__Provided data__
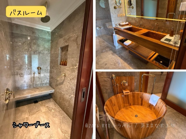 円形の木製バスタブは肌あたりが優しく、縁に首を引っ掛けてだらんと浸かるのが最高に気持ちよかったです。
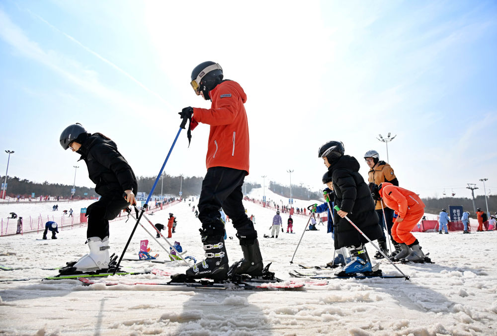 2月13日,游客在青島西海岸新區(qū)融創(chuàng)藏馬山滑雪場(chǎng)學(xué)習(xí)滑雪。當(dāng)?shù)匾浴氨?文化”“冰雪+旅游”聚人氣、促消費(fèi)、添年味。新華社記者 李紫恒 攝
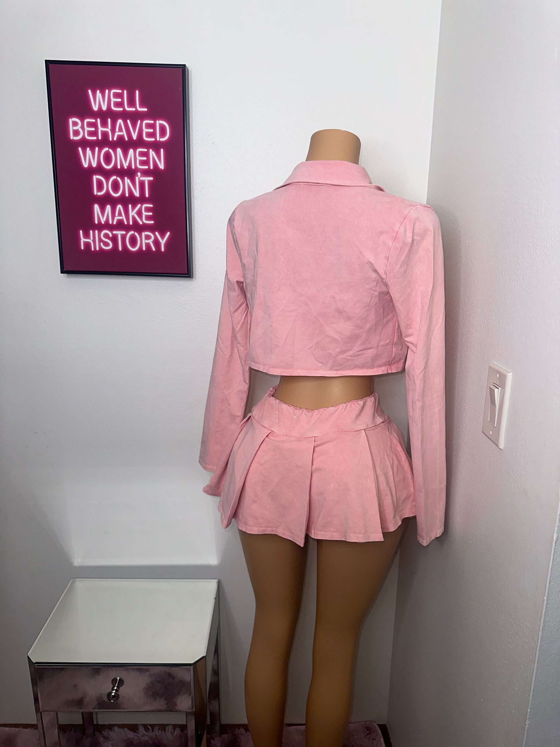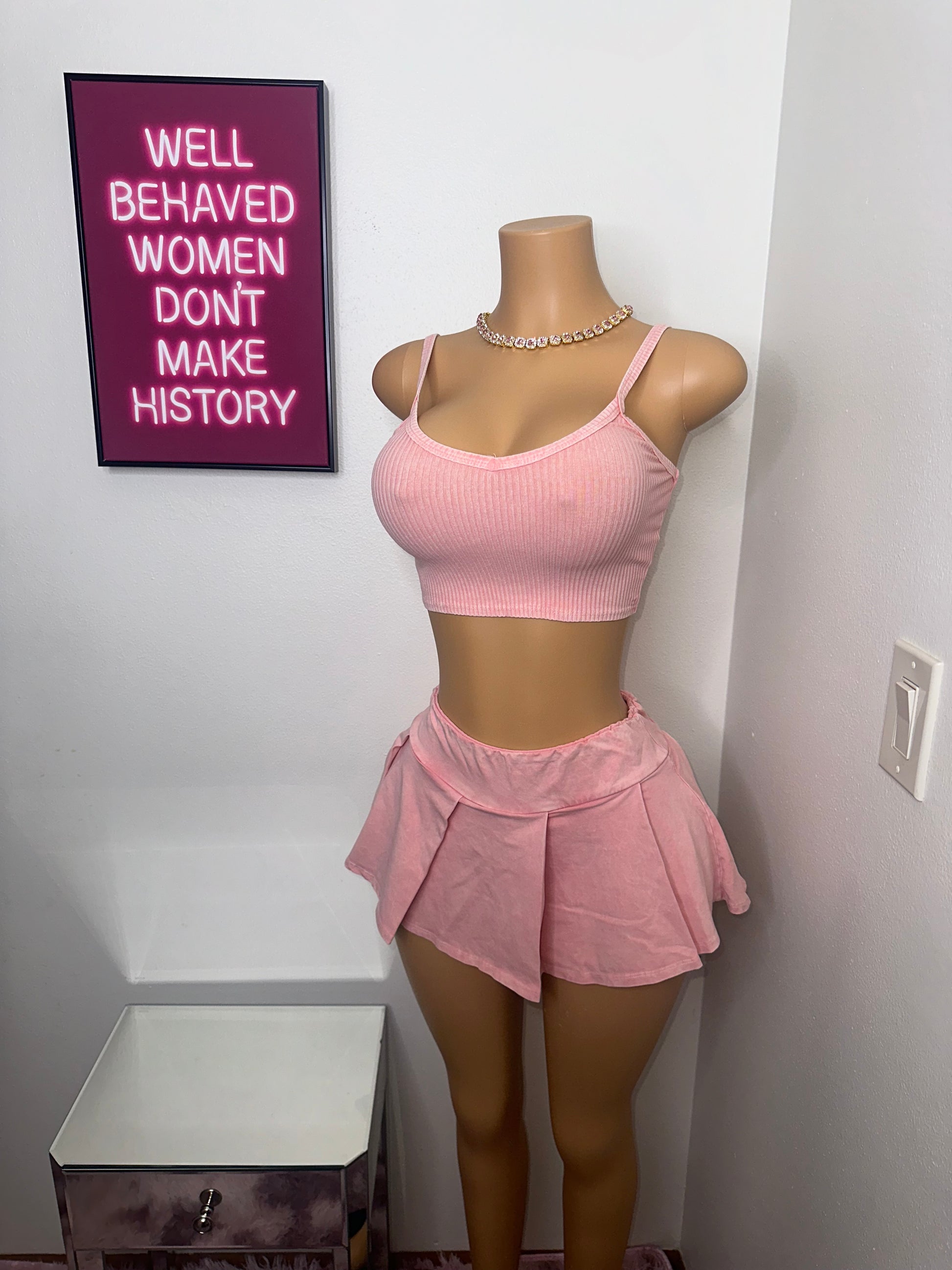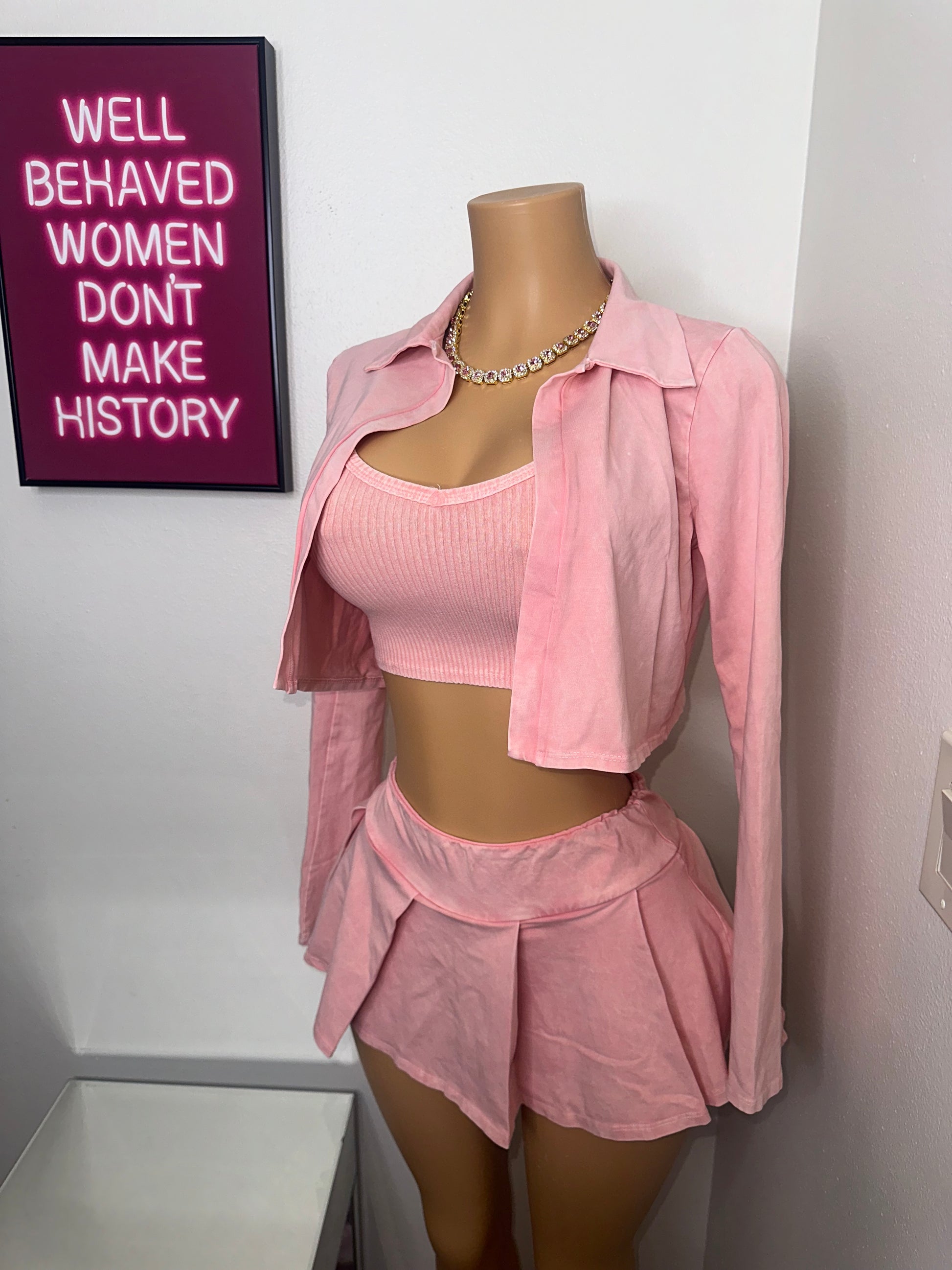 The set features a mannequin wearing a medium-size stretch skirt, including a three-piece ensemble consisting of a tank top, sleeveless V-neck cardigan with collar, and a high-waisted skirt with an elastic waistband. The set also includes a short underlining for added comfort and is made from 95% cotton and 5% spandex. For proper maintenance, it is recommended to hand wash the set in cold water.

__What this task involves__
Word for word, print the material above, but without its pictures.

__Written response__
 円形の木製バスタブは肌あたりが優しく、縁に首を引っ掛けてだらんと浸かるのが最高に気持ちよかったです。
 2月13日,游客在青島西海岸新區(qū)融創(chuàng)藏馬山滑雪場(chǎng)學(xué)習(xí)滑雪。當(dāng)?shù)匾浴氨?文化”“冰雪+旅游”聚人氣、促消費(fèi)、添年味。新華社記者 李紫恒 攝
 The set features a mannequin wearing a medium-size stretch skirt, including a three-piece ensemble consisting of a tank top, sleeveless V-neck cardigan with collar, and a high-waisted skirt with an elastic waistband. The set also includes a short underlining for added comfort and is made from 95% cotton and 5% spandex. For proper maintenance, it is recommended to hand wash the set in cold water.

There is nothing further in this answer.